British Jews may think we know it all about candidates for the highest office in the land having a tricky back catalogue of statements on Jews. But whatever we went through in recent years would be dwarfed by what is about to hit our cousins in France.

Eric Zemmour, much talked about as a far right candidate for the French presidency in next spring’s elections, said in September that the Jewish victims of the notorious Toulouse terror attack of 2012 — a rabbi, his two sons, aged just six and three, along with another little girl, aged eight — were not really French because they were buried in Israel. That proved, he said, that “they were foreigners above all and wanted to stay that way even beyond death.”

Last year, Zemmour touched on one of the defining traumas of both modern Jewish history and modern French history, hinting that Alfred Dreyfus — the French Jewish army captain wrongly convicted, jailed and publicly humiliated on false charges of espionage in 1894 — might not have been innocent after all. “We will never know,” he said.

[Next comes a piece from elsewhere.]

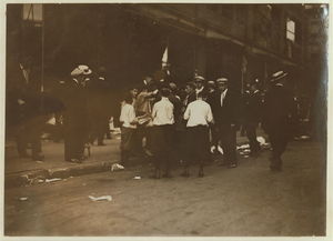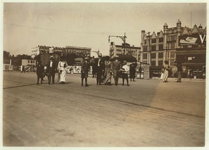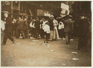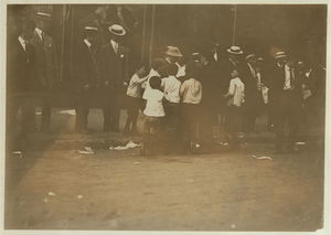 Small "Newsies" scrambling to get extras for Johnson-Jeffries Fight, Herald Square, 7 P.M. Location: New York, New York (State)
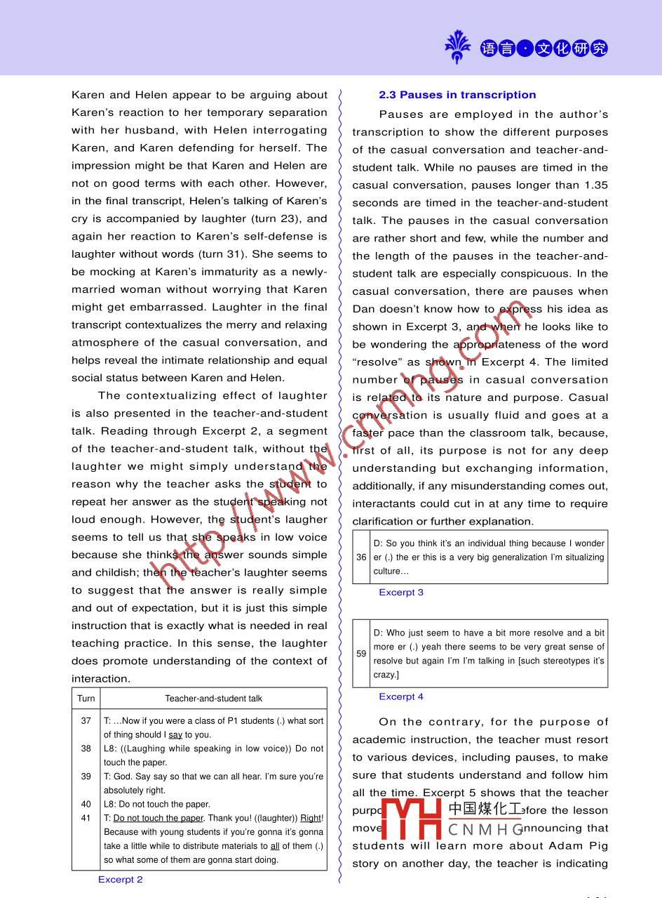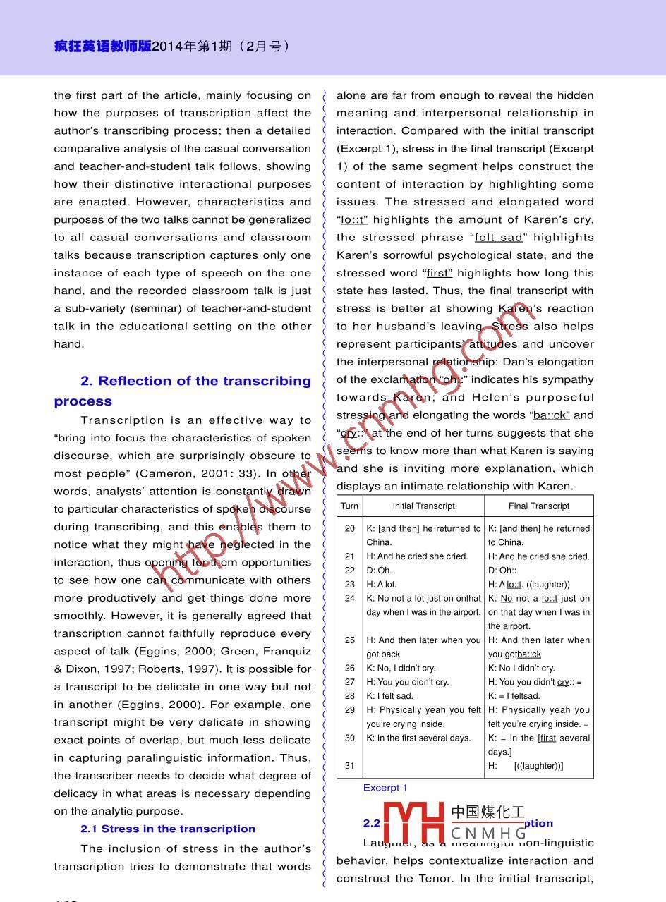 派語肯●文招研究A Comparative Analysis of CasualConversation and Institutional Talk王柯蘆(樂山師范學(xué)院外國語學(xué)院,四川樂山614000)Abstract: This article reflects on the process of transcribing spoken interaction and makes acomparative analysis of two different varieties of spoken interaction (casual conver-sation and institutional talk). By doing so, it reveals how the different purposes ofspeech result in their distinctive characteristics, and shows how language is struc-tured to construct ideational meanings (Field) and interpersonal meanings (Tenor)that define each context.Key words: transcription; comparative analysis; casual conversation; institutional talk|[中圖分類 號(hào)] H030| [文獻(xiàn)標(biāo)識(shí)碼] A[文章編號(hào)] 1006-2831 (2014)02-0139-9 doi:10.3969/j.issn. 1006-2831.2014.01 .0371. Introductionin particular makes salient their distinctiveTranscription is a valuable tool to“freeze-linguistic and non-linguistic features, showingframe a moment"(Rex & Schiller, 2009: 10).how these choices enact different social rightsIt offers“previously invisible choices" (Rex &and obligations of each role of the interactants.Schiller, 2009: 10) to probe into conversations,In addition, a close examination of thewhich would otherwise be evanescent in itscharacteristics of the two types of interactionoriginal form. Transcription examines bothhelps reveal the different purposes ofhow interactants employ different grammatical,interaction, as“the linguistic forms and patternslexical, discourse-organizational, prosodic, andof interaction between the teacher and studentsparalinguistic features to negotiate meaningswill be linked in some way to the pedagogicaland achieve particular purposes in differentpurposes which the teacher introduces ”domains of life, and how the interpersonal(Seedhouse,1996: 21),while casual talkrelationship is established, maintained orusually is not for a certain end, but sustainingchanged through the conversation. Despite theinterpersonal relationship.great value of transcription, it is not a faithfulThis article is based on the transcription ofor objective way in which talk can be written.a casual conversation and an institutional talk.Influenced by the purpose of transcribing,The casual talk is recorded when three friendspersonal language ideology, and the tensionare chatting on campus. The participantsbetween readability and accuracy, transcribersinclude one male native speaker (Dan) and twomay have different decisions in "what tofemale non-native speakers (Karen and Helen),transcribe and in how much detail" (Eggins,whose English proficiency is high and near2000: 148). Therefore, transcription itself is anativ中國煤化工an episode of akind of interpretation and representation (Green,tutorigiven to fourth-Franquiz & Dixon, 1997). A comparison ofyear:TYHCNMHGPore. A reflectioninstitutional talk with casual conversation wouldon the process of transcribing constitutes收稿日期: 2013-12-14; 修改稿: 2013-12-24Crazy English Teachers139瘋狂英語教師版2014年第1期(2月號(hào))the first part of the article, mainly focusing onalone are far from enough to reveal the hiddenhow the purposes of transcription affect themeaning and interpersonal relationship inauthor's transcribing process; then a detailedinteraction. Compared with the initial transcriptcomparative analysis of the casual conversation(Excerpt 1), stress in the final transcript (Excerptand teacher-and-student talk follows, showing1) of the same segment helps construct thehow their distinctive interactional purposescontent of interaction by highlighting someare enacted. However, characteristics andissues. The stressed and elongated wordpurposes of the two talks cannot be generalized"lo:t”highlights the amount of Karen's cry,to all casual conversations and classroomthe stressed phrase "felt sad" highlightstalks because transcription captures only oneKaren's sorrowful psychological state, and theinstance of each type of speech on the onestressed word "first" highlights how long thishand, and the recorded classroom talk is juststate has lasted. Thus, the final transcript witha sub-variety (seminar) of teacher-and-studentstress is better at showing Karen's reactiontalk in the educational setting on the otherto her husband's leaving. Stress also helpshand.represent participants' attitudes and uncoverthe interpersonal relationship: Dan's elongation2. Reflection of the transcribingof the exclamation“oh::" indicates his sympathytowards Karen; and Helen's purposefulprocessTranscription is an effective way tostressing and elongating the words "ba::ck" and"bring into focus the characteristics of spoken“cry:" at the end of her turns suggests that shediscourse, which are surprisingly obscure toseems to know more than what Karen is sayingmost people" (Cameron, 2001: 33). In otherand she is inviting more explanation, whichwords, analysts' attention is constantly drawndisplays an intimate relationship with Karen.Turn |Initial TranscriptFinal Transcriptto particular characteristics of spoken discourseduring transcribing, and this enables them to20| K: [and then] he returned to | K: [and then] he returnednotice what they might have neglected in theChina.to China.21 H: And he cried she cried.H: And he cried she cried.interaction, thus opening for them opportunities22 D:Oh.D: Oh::to see how one can communicate with others23 |H: Alot.H: Alo:. (laughter))more productively and get things done more24|K:NonotalotjustononthatK:Nonotalo:tjuston;| day when | was in the airport. on tha day when I was insmoothly. However, it is generally agreed thatthe airport.transcription cannot faithfully reproduce every25| H: And then later when you H: And then later whenaspect of talk (Eggins, 2000; Green, Franquizgot backyou gotba.;ck& Dixon, 1997; Roberts, 1997). It is possible for26 K: No, I didn't cry.K: No I didn't cry.a transcript to be delicate in one way but not27

Zemmour has views on the Holocaust too. These days, there are few defenders of the Vichy regime which collaborated with the Nazi occupation and connived in the deportation of more than 70,000 French Jews to their deaths in the east. But Zemmour claims that the Vichy regime tried to save Jews born in France: it was only foreign-born Jews it was happy to give up. Even if that were true, it hardly amounts to a moral defence — but there’s next to no evidence for it.